I am not sure where this analogy breaks/ what the implications are for alignment, but I think it avoids some of the flaws of thinking in terms of evolution = SGD. By analogy, that would kind of mean that when we consciously act in ways that go against evolution, but that we think are good, we’re exhibiting Outer Misalignment.
By analogy, that would also mean that when we voluntarily make choices that we would not consciously endorse, we are exhibiting some level of inner misalignment. I am not sure how I feel about this one; that might be a stretch. It would make a separation between some kind of “inner learning process” in our brains that is kind of the equivalent of SGD and the rest of our brains that are the equivalent of the NN. We can act in accordance with the inner learner and that connection of neurons will be strengthened or we act against it and learn not to do that. Humans don’t really have a “deployment” phase. (Although, if I wanted to be somewhat unkind I might say that some people do more or less stop actually changing their inner NNs at some point in life and only act based on their context windows.)
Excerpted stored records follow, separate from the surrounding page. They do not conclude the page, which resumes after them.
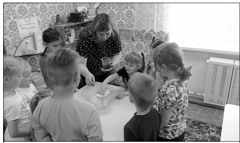
Юные усенцы – будущие экологи.

Есть на территории детского сада и «Зеленая лаборатория под открытым небом». Ребята наблюдают за развитием разнообразных растений и ухаживают за ними. Они очень гордятся своими успехами. Заботясь о природе, наши воспитанники не будут зря рвать цветы, ломать ветки. Важно отметить, что наше «Огородное царство – овощное государство» еще и действует на
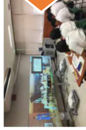
与那国町 (イメージ)
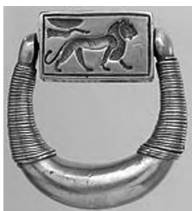
تصویر ۳۷- حلقه هورمهب.
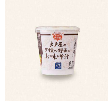
45. カップお味噌汁 (お湯必要) Cup Miso Soup
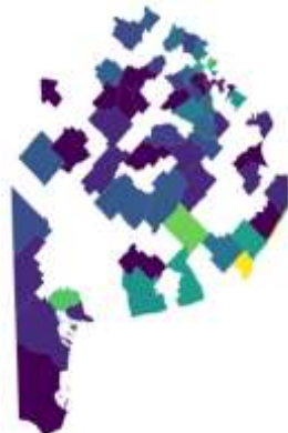
Figura 1 – Avisos Booking
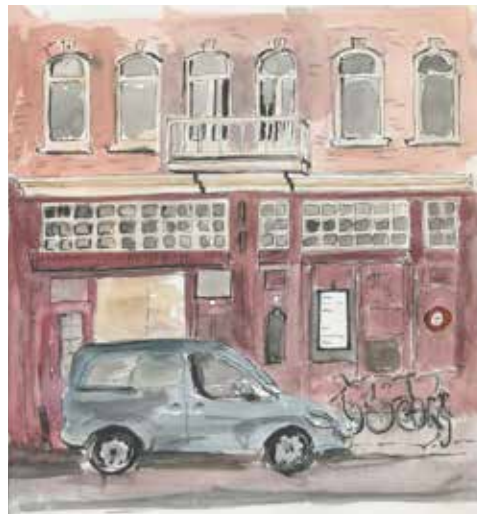
2 november 2018, Bakker Rooth

Echte Amsterdamse straatpoëzie. En in al zijn melancholie een mooi contrast met 'Let's rule the World' van de nieuwe Plantagegebruikers, de studenten.
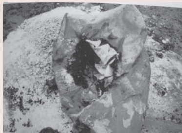
放置していた生石灰に雨水が掛かり発熱し、着火したもの

また、生石灰が水と接触すると、水酸化カルシウムとなり発熱します。このとき、可燃物と接触しているため、この可燃物が発熱によって出火することがあります。
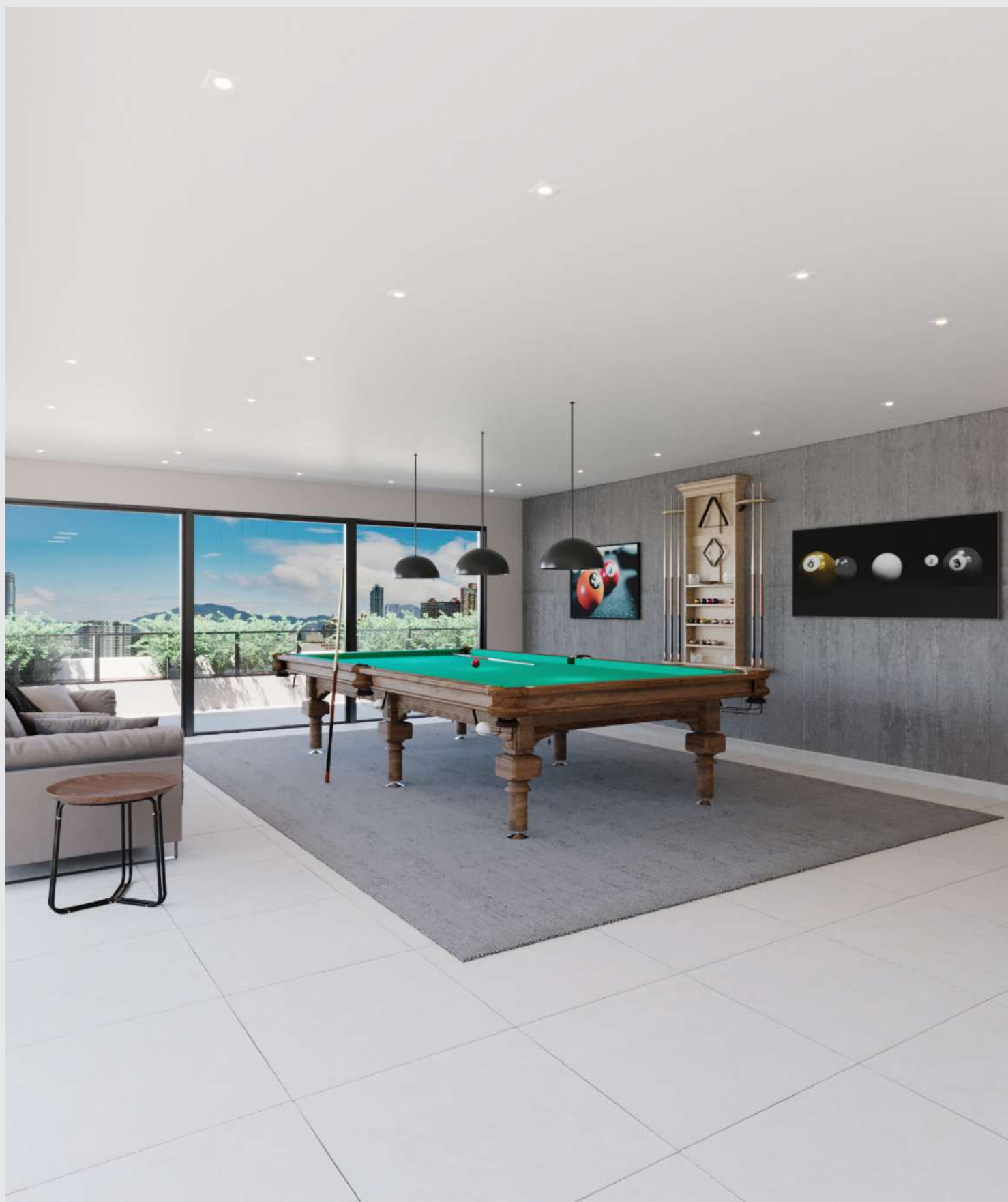
Sala de jogos - cobertura
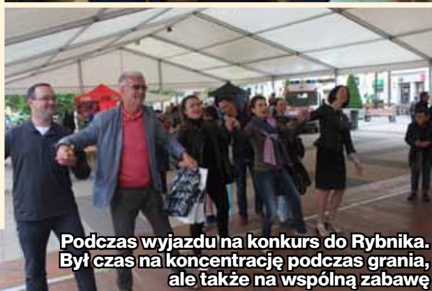
Podczas wyjazdu na konkurs do Rybnika. Był czas na koncentrację podczas grania, ale także na wspólną zabawę
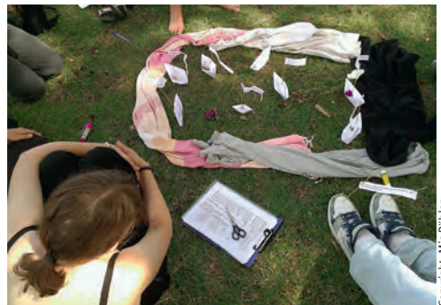
Halt im Sturm
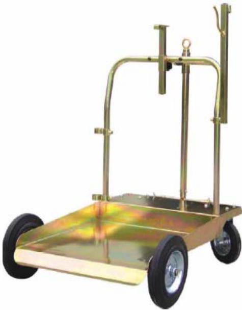
Part Number: 340341

I don’t know, let me know what you think.
I’ve expanded what was going to be a comment on one of the issues I have with this post into my own post here.
Summary: I think some of the arguments in this post factor through a type error, or at least an unjustified assumption that “model alignment” is comparable to systems alignment.
Also, this post seems overly focused on DL-paradigm techniques, when that is not the only frontier of capabilities.
This post prompted me to create the following Manifold Market on the likelihood of a Sharp Left Turn occuring (as described by the Tag Definition, Nate Soares, and Victoria Krakovna et. al), prior to 2050: https://manifold.markets/RobertCousineau/will-a-sharp-left-turn-occur-as-des?r=Um9iZXJ0Q291c2luZWF1
In my model, it is pretty expected.
Let’s suppose, that the agent learns “rules” of arbitrary complexity during training, initially the rules are simple and local, such as “increase the probability of action a by several log-odds in a specific context”. As training progresses, the system learns more complex meta-rules, such as “apply consequentialist reasoning” and “think about the decision-making process”. The system starts to think about the consequences of its decision-making process and realizes that its local rules are contradictory and lead to resource wastage. If the system tries to find a compromise between these rules, the result doesn’t satisfy any rules. Additionally, the system has learned weaker meta-rules like “If rule A and rule B contradict, choose what rule B says”, which can lead to funny circular priorities that resolve in unstable path-dependent way. Eventually, the system enters a long NaN state, and emerges with multiple patches to its decision-making process that may erase any trace of our alignment effort.
I agree. Perhaps the alignment field would be better off if we’d never thought about evolution at all, and instead had modelled the learning dynamics directly. Don’t think about AIXI, don’t think about evolution, think about what your gradient update equations might imply, and then run experiments to test that.